A simple Science DMZ has several essential components.  These include dedicated access to high-performance wide area networks and advanced services infrastructures, high-performance network equipment, and dedicated science resources such as Data Transfer Nodes.  A notional diagram of a simple Science DMZ showing these components, along with data paths, is shown below:

science dmz simple path v12

The essential components and a simple architecture for a Science DMZ are shown in the Figure above. The Data Transfer Node (DTN) is connected directly to a high-performance Science DMZ switch or router, which is connected directly to the border router. The DTN’s job is to efficiently and effectively move science data to and from remote sites and facilities, and everything in the Science DMZ is aimed at this goal. The security policy enforcement for the DTN is done using access control lists on the Science DMZ switch or router, not on a separate firewall.

Data transfers from offsite to the DTN only need to traverse two network devices - the border router and the Science DMZ switch/router (green path). This means that the high-latency or long-distance part of the data transfer traverses a small number of high-quality devices which are specifically engineered for performance.

If data needs to be transferred from the DTN to a device within the local site, the latency is small and the impact of performance problems caused by the enterprise firewall will be less (red path).

Supercomputer Center Network

The notional diagram below illustrates a simplified supercomputer center network.  While this may not look much like the simple Science DMZ diagram above, the same principles are used in its design.

science dmz HPC v12

In the case of the supercomputer center network, the vast majority of the network infrastructure is what one might call the Science DMZ.  It is built to handle high-rate data flows without packet loss, and designed to allow easy troubleshooting and fault isolation. Test and measurement is integrated into the infrastructure from the beginning, so that problems can be located and resolved quickly, regardless of whether the local infrastructure is at fault.  Note also that access to the parallel filesystem by wide area data transfers is via data transfer nodes that are dedicated to wide area data transfer tasks.  When data sets are transferred to the DTN and written to the parallel filesystem, the data are immediately available on the supercomputer resources without the need for double-copying the data.  However, all the advantages of a DTN - dedicated hosts, proper tools, and correct configuration - are preserved.

Big Data Site

For sites that handle very large data volumes (e.g. for big experiments such as the LHC), individual data transfer nodes are not enough.  These sites deploy data transfer clusters, and these groups of machines serve data from multi-petabyte data stores.  Still, however, the principles of the Science DMZ apply - dedicated systems are used for data transfer, and the path to the wide area is clean, simple, and easy to troubleshoot.  Test and measurement are integrated in multiple locations to enable fault isolation.  This network is similar to the supercomputer center example in that the wide area data path covers the entire network front-end.
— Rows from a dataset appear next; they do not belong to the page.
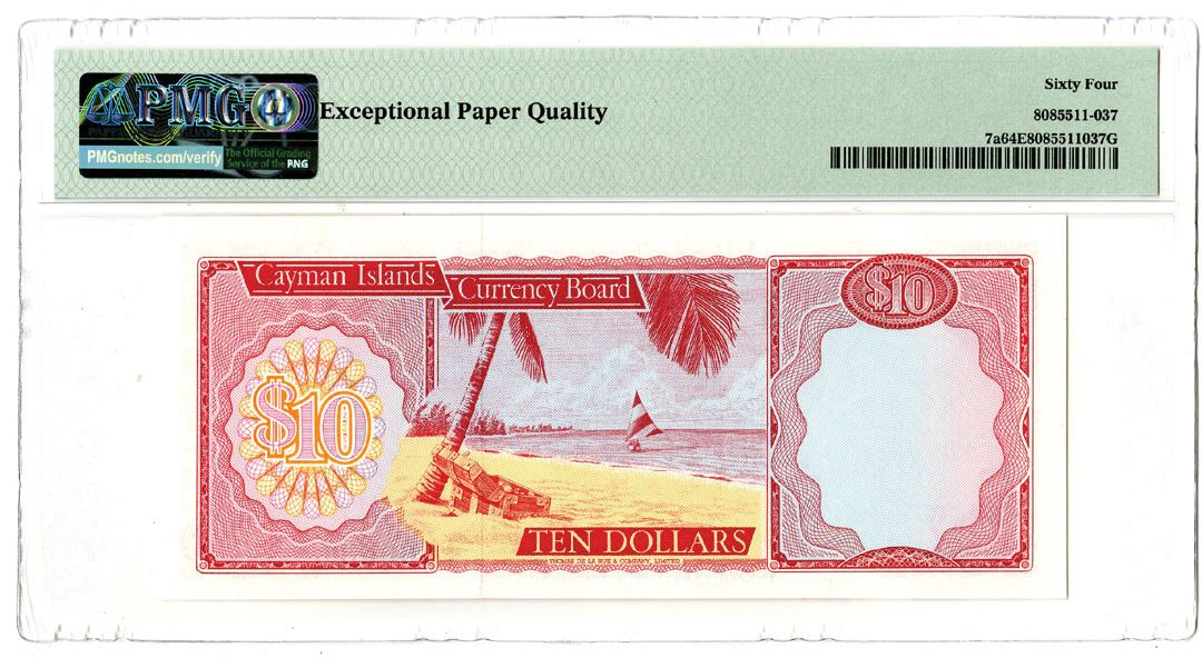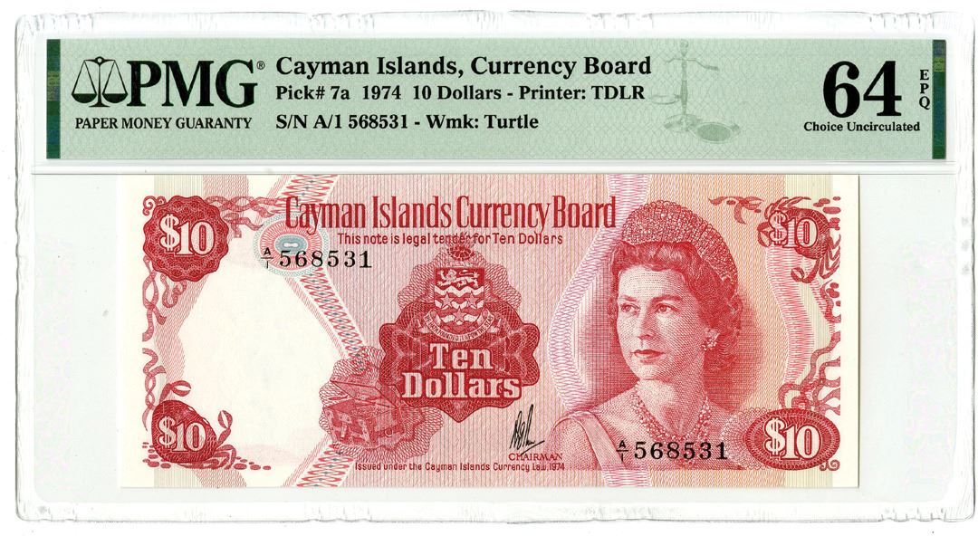 Cayman Islands. 1974. 10 Dollars, P-7a, Issued banknote, Dark red and light red, S/N A/1 568531, Watermark: Turtle, PMG graded Choice Uncirculated 64 EPQ.
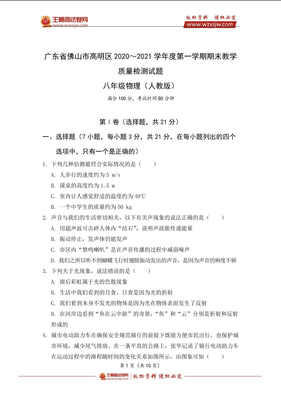 广东省佛山市高明区2020~2021学年度第一学期期末教学质量检测试题八年级物理(人教版)
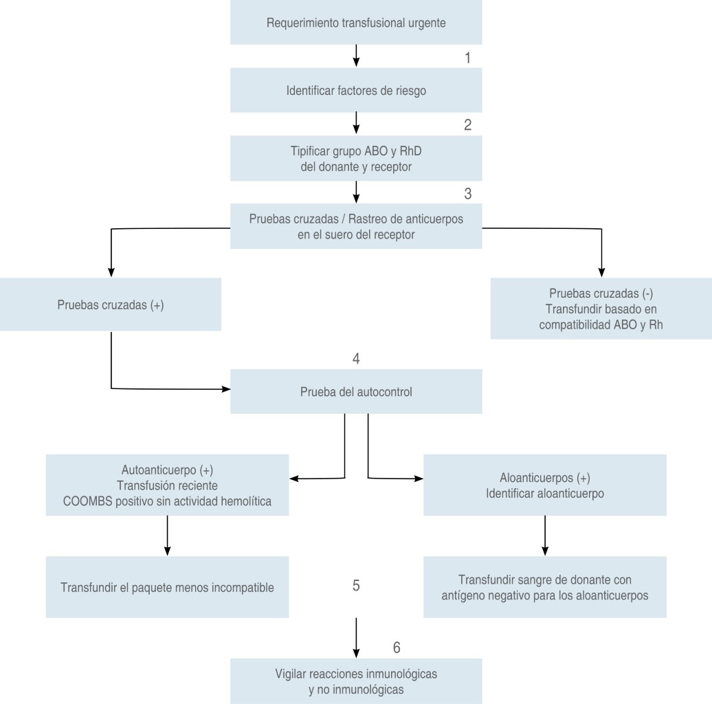 El soporte transfusional urgente representa una práctica cada vez más común en áreas críticas, por lo tanto, el abordaje de estudio de la compatibilidad sanguínea y las opciones terapéuticas en caso de incompatibilidad deben ser bien identificadas por los médicos no hematólogos para poder elegir en situaciones graves la mejor estrategia que represente el menor riesgo. Hacemos una revisión del protocolo de atención paso a paso en casos de incompatibilidad y nos enfocamos en las opciones terapéuticas que han demostrado ser seguras en la atención de pacientes críticos, sobre todo en situaciones clínicas de urgencia, pues no está descrito hasta el momento ningún protocolo de actuación que regule el soporte transfusional en estos escenarios clínicos."Hombre de 38 años de edad previamente sano, sometido dos meses previos a apendicetomía de urgencia por apendicitis complicada, requiriendo en el periodo postquirúrgico inmediato la administración de dos concentrados eritrocitarios compatibles y tipificados para hemotipo O rh positivo. Es traído al departamento de urgencias tras presentar múltiples lesiones contusas y trauma abdominal cerrado durante un accidente automovilístico. En la evaluación inicial refiere dolor intenso en hipocondrio derecho y lumbar del mismo lado, la tensión arterial determinada al ingreso fue de 80/50 mmHg, frecuencia cardiaca de 136 latidos por minuto, 25 respiraciones por minuto y la temperatura de 36 grados centígrados. El índice de choque fue de 1.7. En el ultrasonido abdominal enfocado (ecografía FAST) se identifica líquido libre abdominal y los estudios de laboratorio muestran anemia grave. En sospecha de hemoperitoneo se decide realizar laparotomía exploratoria de urgencia. Previo al procedimiento se inicia manejo con cristaloides y apoyo vasopresor y se solicita a Banco de Sangre cuatro concentrados eritrocitarios para hemotipo O rh positivo. Tras realizar múltiples pruebas se reporta incompatibilidad para todos los hemoderivados disponibles".
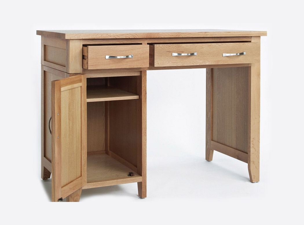 Bureau équipé de modules de rangement comme des niches et tiroirs, permet de ranger les stylos, feuilles et autres fournitures.
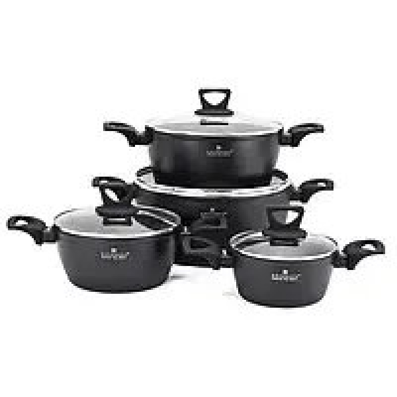 Мармурове антипригарне покриття забезпечує легке приготування без пригорання. Алюмінієвий корпус з посиленим дном рівномірно розподіляє тепло. Повний набір з каструль різного розміру та кришок закриває всі потреби на кухні.
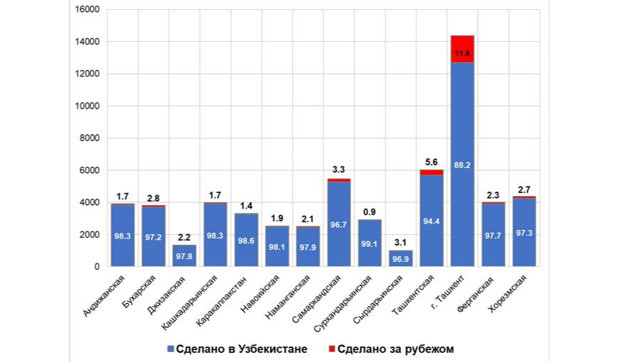 Регионами, в которых было продано больше всего иномарок стали г. Ташкент (11,8% новых автомобилей), Ташкентская (5,6%), Самаркандская (3,3%) и Хорезмская (2,7%) области.
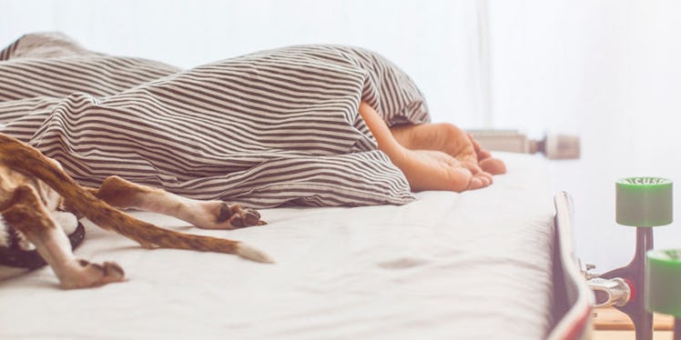 “Another option is to train your dog to stay off of your bed,” Diamond adds. “On many occasions, when a dog interrupts a sexual session, it's because they feel that its territory (aka your bed) is being threatened.” This training, according to Diamond, can be done in just a few weeks.
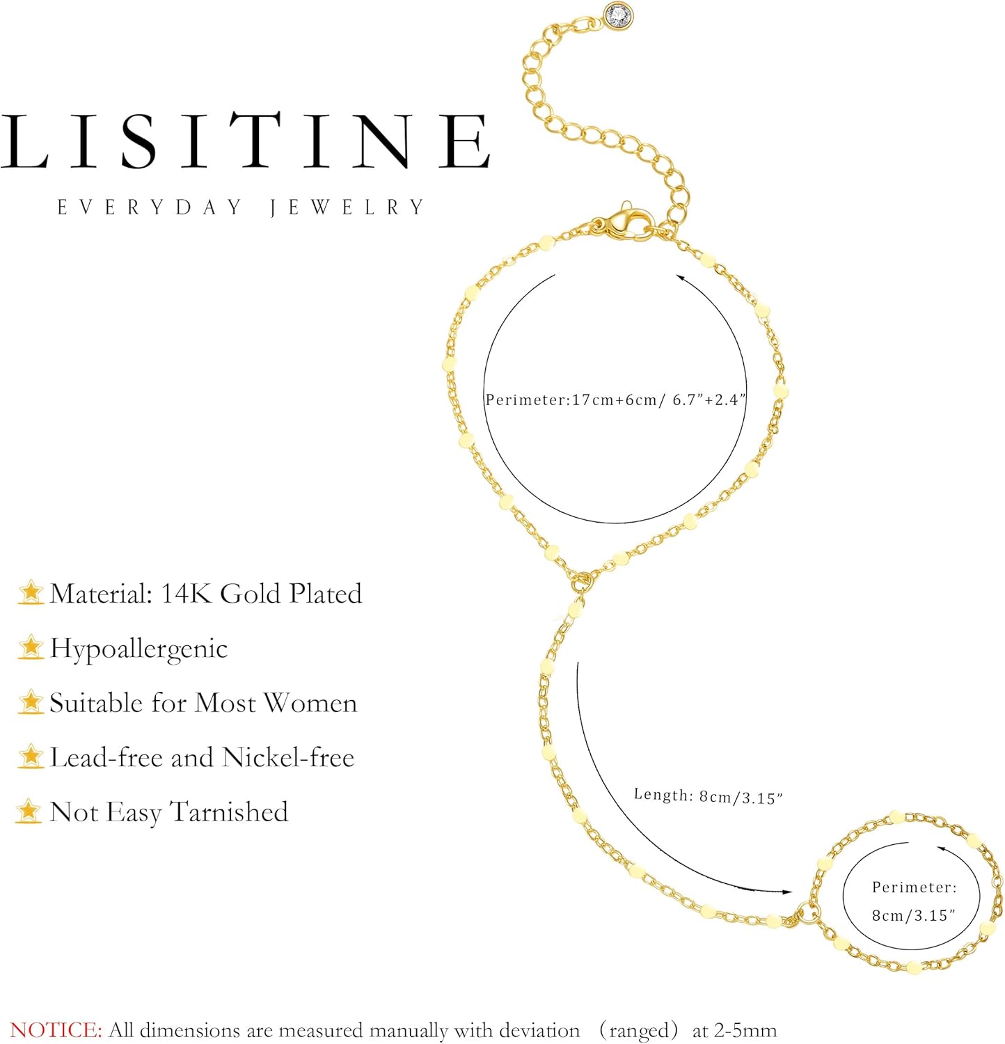 Listine Hand Chain Bracelet 14K Gold Plated Ring Bracelet Hand Chain Trendy Stuff for Women Dainty Hand Bracelets with Finger Ring Hand Jewelry for Women
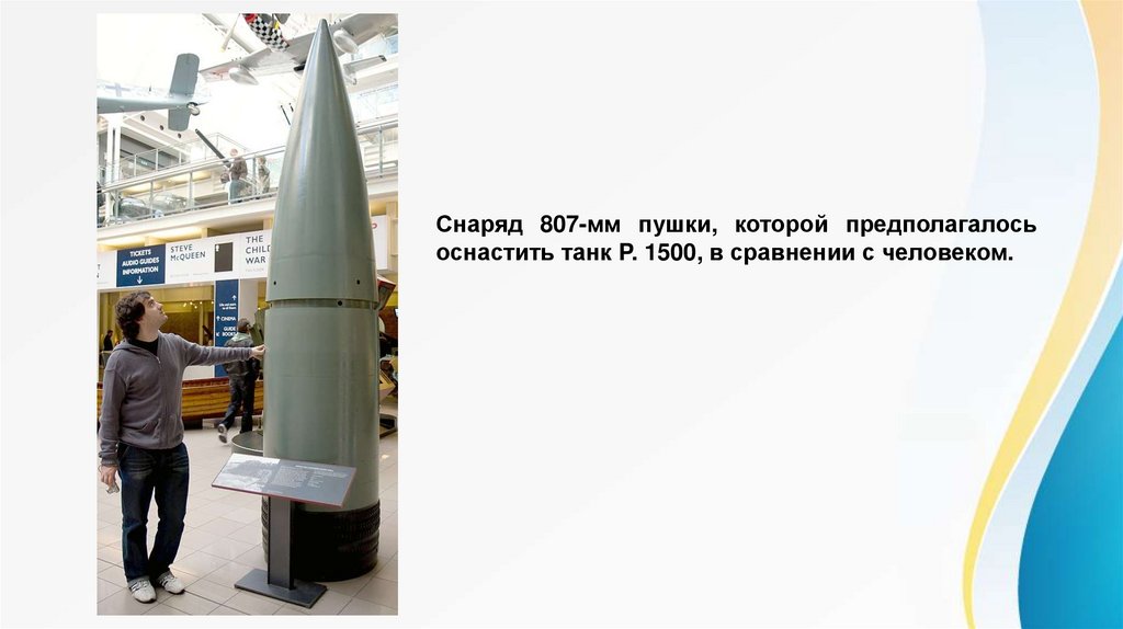 Снаряд 807-мм пушки, которой предполагалосьоснастить танк P. 1500, в сравнении с человеком.
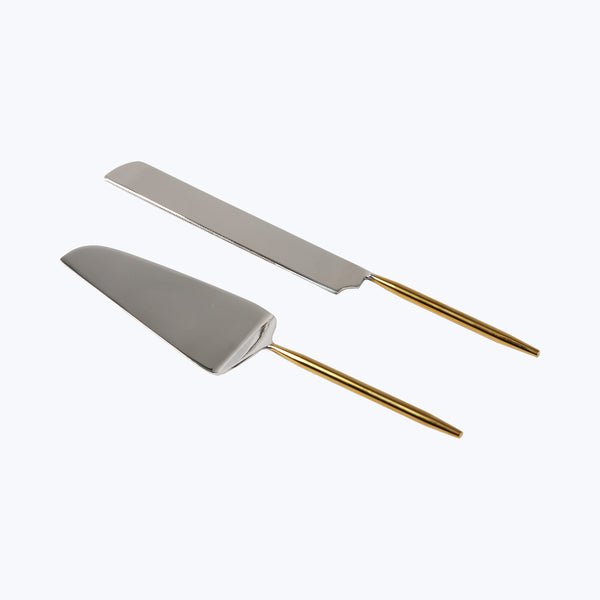 Whether you're serving up a decadent wedding cake or a casual birthday party dessert, the Sun & Moon Cake Lift Set adds a touch of sophistication and refinement to your table setting. Handcrafted in India and forged with a PVD finish, this set is an elegant must-have.
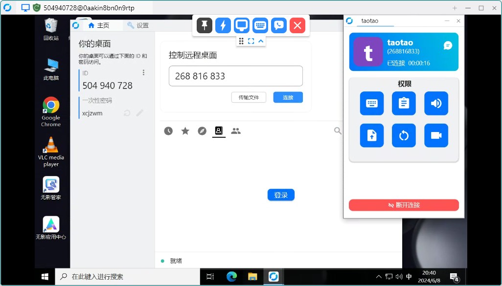 示例: 笔记本 和 无影云电脑 都安装了 RustDesk for Win 客户端,并且 ID/中继服务器 均配置完成。笔记本获取无影电脑的 ID 值和密码,连接成功。

science dmz big data path v12

This network has redundant connections to the research network backbone.The business portion of the network takes advantage of the high-capacity redundant infrastructure deployed for serving science data, and deploys redundant firewalls to ensure uptime.  However, the science data flows do not traverse these devices - appropriate security controls for the data service are implemented in the routing and switching plane.  This is done both to keep the firewalls from causing performance problems and because the extremely high data rates (tens of gigabits to hundreds of gigabits per second) are beyond the capacity of firewall hardware.

These examples illustrate the flexibility and utility of the Science DMZ principles.  In general, high-performance science applications can succeed in a Science DMZ where they might have difficulty achieving the necessary performance in a general-purpose network.

Regional Science DMZ "Interchange"

Regional networks serve a critical role in the Science DMZ ecosystem by connecting independent Campus networks to each other.  An "interchange" model can be constructed that allows the regional to:

  • Connect Science DMZs to the traditional, or a specialized (e.g. VRF), network infrastructure
  • Offer Science DMZ services (e.g. managed Switches, DTNs, security infrastructure, or different classes of service)
  • Coordinate access to national and international destinations through limited announcements and routing.